The central emotional tension stems from the memory of a vibrant connection clashing with the crushing reality of an irreversible departure. The narrator's internal world is consumed by "inner wars eternally," suggesting a deep, ongoing struggle to reconcile the past with a present devoid of hope. The line "the morning light will never come to life" encapsulates this profound sense of hopelessness, implying a world permanently shrouded in darkness.

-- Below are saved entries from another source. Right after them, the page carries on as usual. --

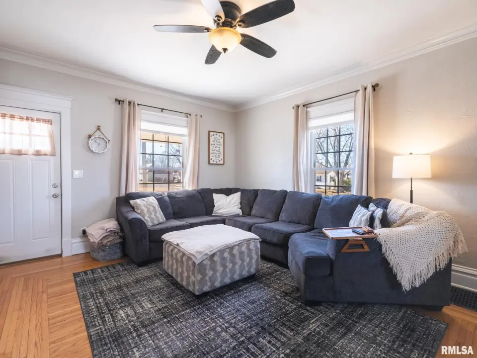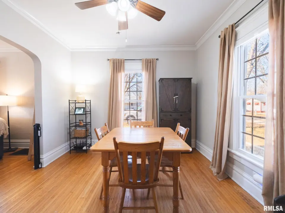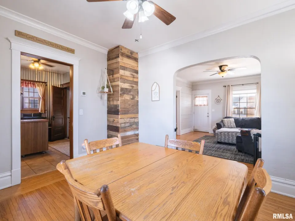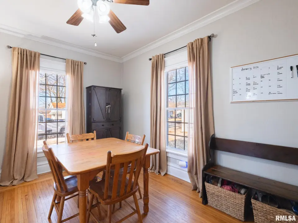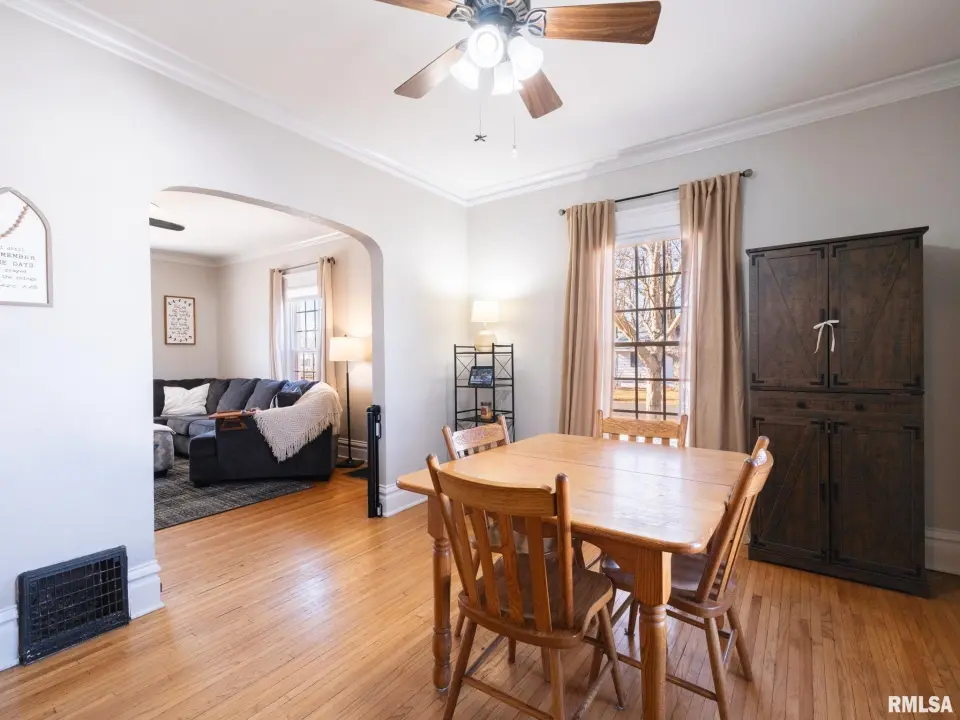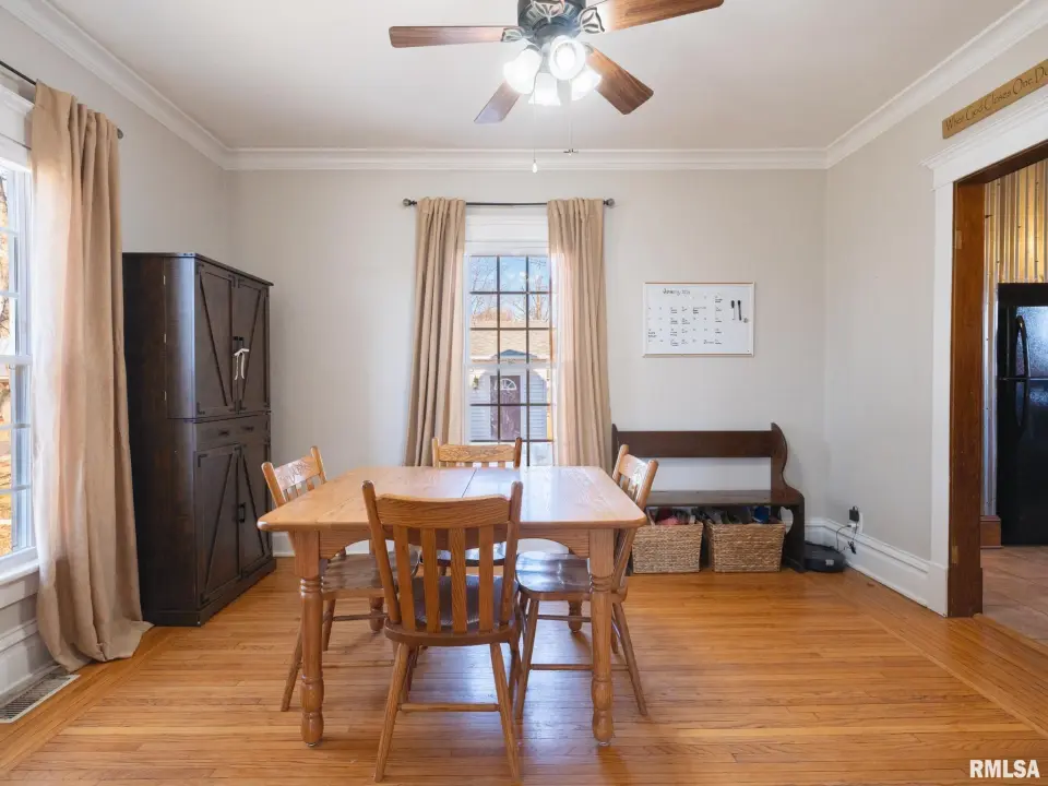 From the inviting covered front porch to the bright, airy interior, you’ll immediately feel at home. The main floor offers beautiful hardwood floors, tall ceilings, crown molding, and abundant natural light throughout, along with the convenience of a main floor bedroom. The cozy living room provides a welcoming space to relax, while the adjoining dining area is perfect for everyday meals or hosting guests. The kitchen features warm wood cabinetry, ample counter space, a center island, and charming vintage touches that add to the home’s personality. Upstairs bedrooms offer comfortable retreats with generous windows and classic trim. Outside, the spacious yard allows room to garden, play, or entertain, and the 2 car detached garage adds plenty of room for hobbies and storage. Situated on a quiet street in the heart of Glasford near schools, shopping, and local amenities, this home is a wonderful opportunity to enjoy classic style, functional living, and small-town charm. Roof (18), Water Heater (24), Fresh Paint (25).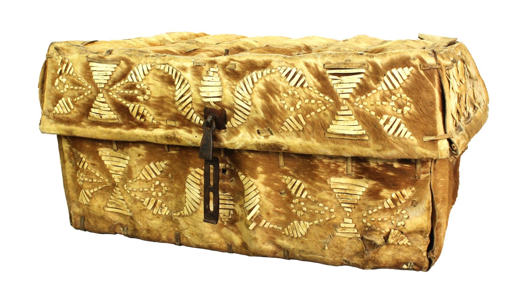 Dazzling, very early Spanish Colonial period, 18th Century hair-on cowhide traveling trunk, adorned with beautiful patterns of laced leather, and hand forged hinge. Incredibly preserved and shwing great condition and patina. Measuring 26"wide x 16"deep x 13"tall.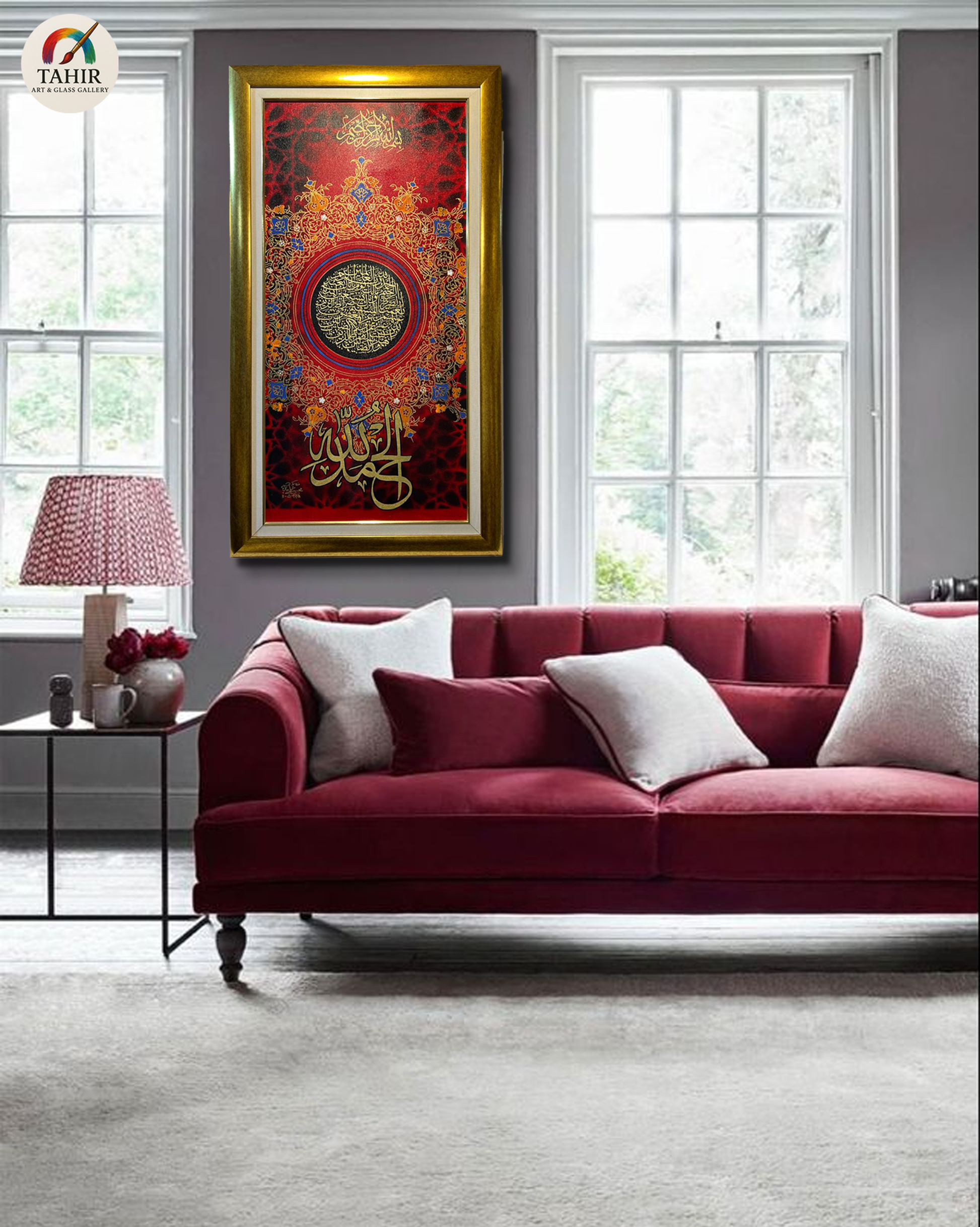 This exquisite piece showcases elegant Arabic calligraphy surrounded by intricate geometric and floral motifs in rich shades of crimson, gold, and blue — symbolizing spirituality, harmony, and devotion.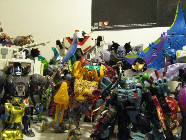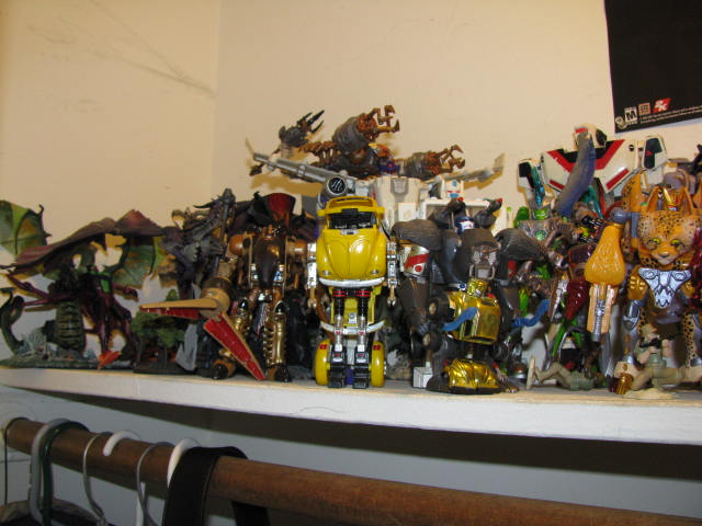 While it isn't a supremely large and/or impressive collection. It does happen to house some of my favorites like G1 ultra magnus and my gold G2 bumblebee. I also quite like the renegade GoBot Bugbite. Yay for transformers!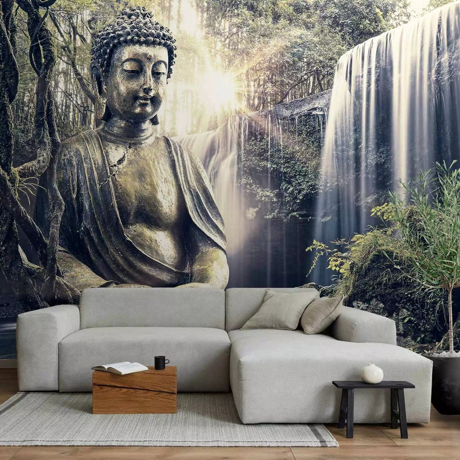 Fototapetes - Budas statuja Āzijas dabas skaistumā, ūdenskritums G-ART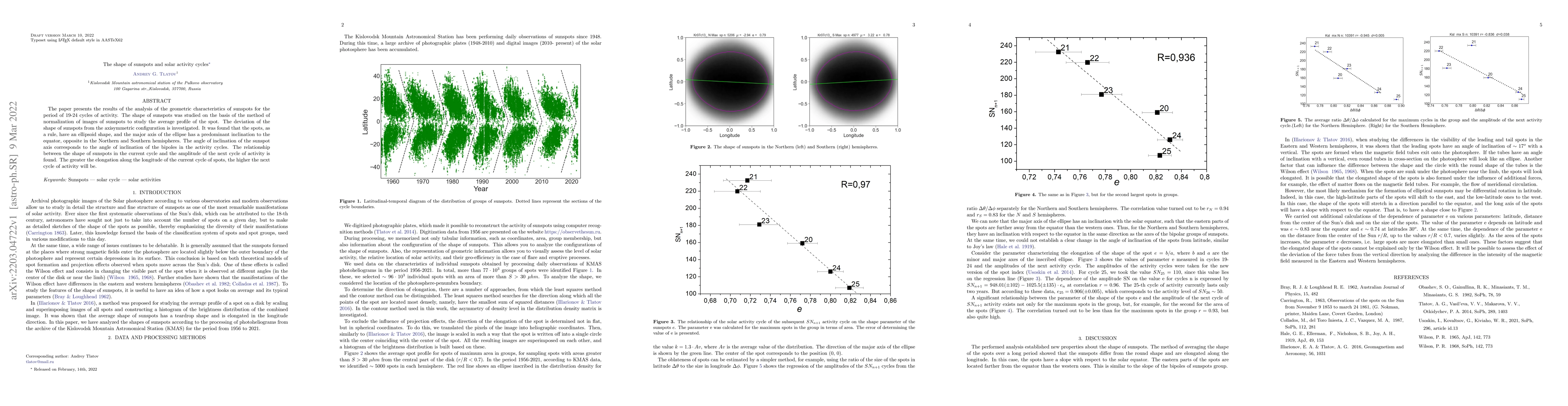 This paper analyzes sunspot shapes over 19-24 solar activity cycles, finding that most sunspots are ellipsoidal with major axes inclined towards the equator, oppositely in each hemisphere. It also reveals a correlation between the elongation of current cycle spots and the amplitude of the next activity cycle.

The craft here is particularly effective in its use of contrasting light and dark imagery. What began with "starlit skies" and a "velvet light" quickly diminishes to "pale star light" and a "waning star," from which the departed speaks "arcane words from so afar." This progression visually underscores the fading connection and the growing, insurmountable distance between the two individuals. The recurring motif of "December snow" powerfully symbolizes not just coldness, but also the finality and disappearance of what once was, much like "last year's snow."
Ultimately, these lyrics resonate because they articulate a specific, visceral grief through consistent, chilling imagery. The explicit actions of departure—"I saw you turn away," "You closed the door," "returned here nevermore"—make the loss feel immediate and absolute. The final stanza, delivered in French, reiterates the core imagery of a "gaze of gold and amber" replaced by "empty and cold eyes," frozen "like the falling December snow," lending an elegiac, almost universal weight to this deeply personal lament.